Et le soir des résultats, dans un premier temps, les partisans de la dictature sont tellement sûrs d’eux, qu’ils annoncent la victoire du " Si ", pour bien vite déchanter : c’est le Non qui a gagné.

Saavedra, qui n’avait cessé de répéter de toujours tenir compte du " contexte social actuel ", retourne à son métier : une pub avec top-modèle au sommet d’une tour. Comme dit Télérama : " Morale mordante : Pinochet aura été chassé par l’ultralibéralisme qu’il avait contribué à installer. "

Mordante, et désabusée.

Le renversement du régime suite à un scrutin qu’il avait lui-même voulu et organisé fera que les crimes commis quinze ans auparavant et la répression exercée durant tout ce temps, ne furent jamais poursuivis.

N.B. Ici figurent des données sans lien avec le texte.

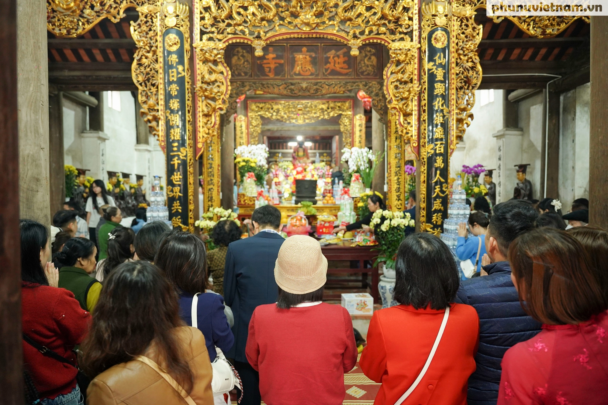 Tại khu vực chính điện, dòng người chen chúc di chuyển khó khăn để vào chiêm bái pho tượng Phật Pháp Vân. Bức tượng sơn màu mận chín tạc bằng gỗ thời Lê Trung Hưng này biểu trưng cho thần Mây, cầu mong mưa thuận gió hòa và đã được công nhận Bảo vật Quốc gia.
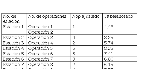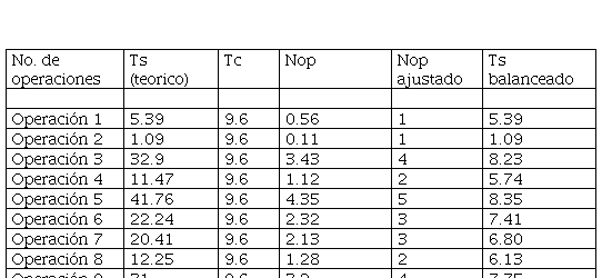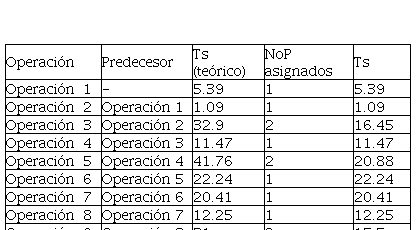 Al inicio del estudio, la línea de producción estaba conformada por 9 operaciones secuenciales, con 12 trabajadores empleados (NoP asignados). El número de trabaja-dores asignados a cada operación no era uniforme. Se procedió a recuperar la información sobre el tiempo estándar de cada operación de trabajo (Ts(teórico)) y el tiempo estándar alcanzado con la configuración de la línea de la empresa (Ts). Esta información se presenta en la tabla 1.
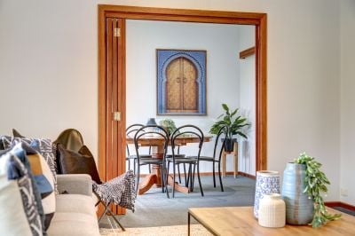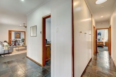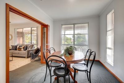 Upon entering this home and walking through the slated entryway, the light and bright, gas heated living area begins, with large picture windows framing the views over the front gardens and timber and glass bi fold doors providing access to the generous size dining facility.
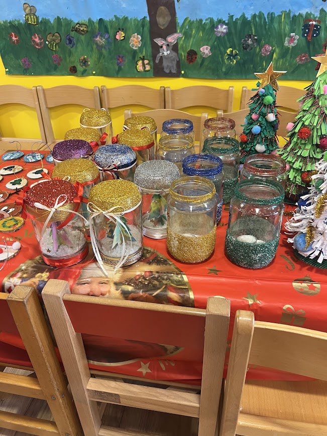 Τα παιδιά μας με τη βοήθεια και την καθοδήγηση των εκπαιδευτικών της κάθε τάξης δημιούργησαν υπέροχες χειροποίητες κατασκευές, χρησιμοποιώντας φυσικά υλικά, χρώματα, χαρτόνια, ανακυκλώσιμα στοιχεία και άφθονη χριστουγεννιάτικη διάθεση. Κάθε δημιουργία είναι μοναδική, φτιαγμένη με αγάπη και χαρά στο πλαίσιο των δραστηριοτήτων της τάξης.
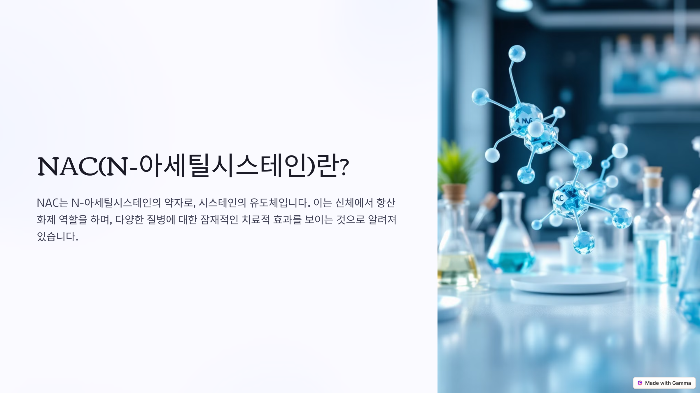 NAC(N-아세틸시스테인)는 필수 아미노산인 시스테인의 변형 형태로, 인체에서 강력한 항산화 물질인 글루타티온(Glutathione)을 생성하는 데 중요한 역할을 해요. NAC는 보충제 형태로 섭취할 수 있으며, 약물이나 환경 독소로부터 신체를 보호하는 데 널리 사용되고 있답니다.

Pinochet fut même relaxé par une Cour pour les crimes de l’opération Condor.

Le prix à payer pour que la démocratie advienne ? Pas sûr que la paix se construise sur des charniers prétendument oubliés.

YVES FAUCOUP

MediaPart

(1) Les chiffres admis aujourd’hui sont les suivants : " 2 277 morts ou disparus, 33 000 arrestations arbitraires et cas de tortures ", selon F. Aubenas qui reprend l’évaluation faite par le Comité Vérité et Réconciliation.

- Marcia Merino, " Confession d’une délatrice ", Florence Aubenas, Le Monde du 11 août :

http://www.lemonde.fr/festival/article/2016/08/10/confession-d-une-delatrice_4980632_4415198.html

- " No " : bande annonce ici :

https://www.youtube.com/watch?v=bhgSGL5-iv0&feature=youtu.be

Le film a été tourné avec des caméras des années 80, ainsi le format et le grain de l’image intègrent plus facilement les extraits d’actualités télévisées de 1988.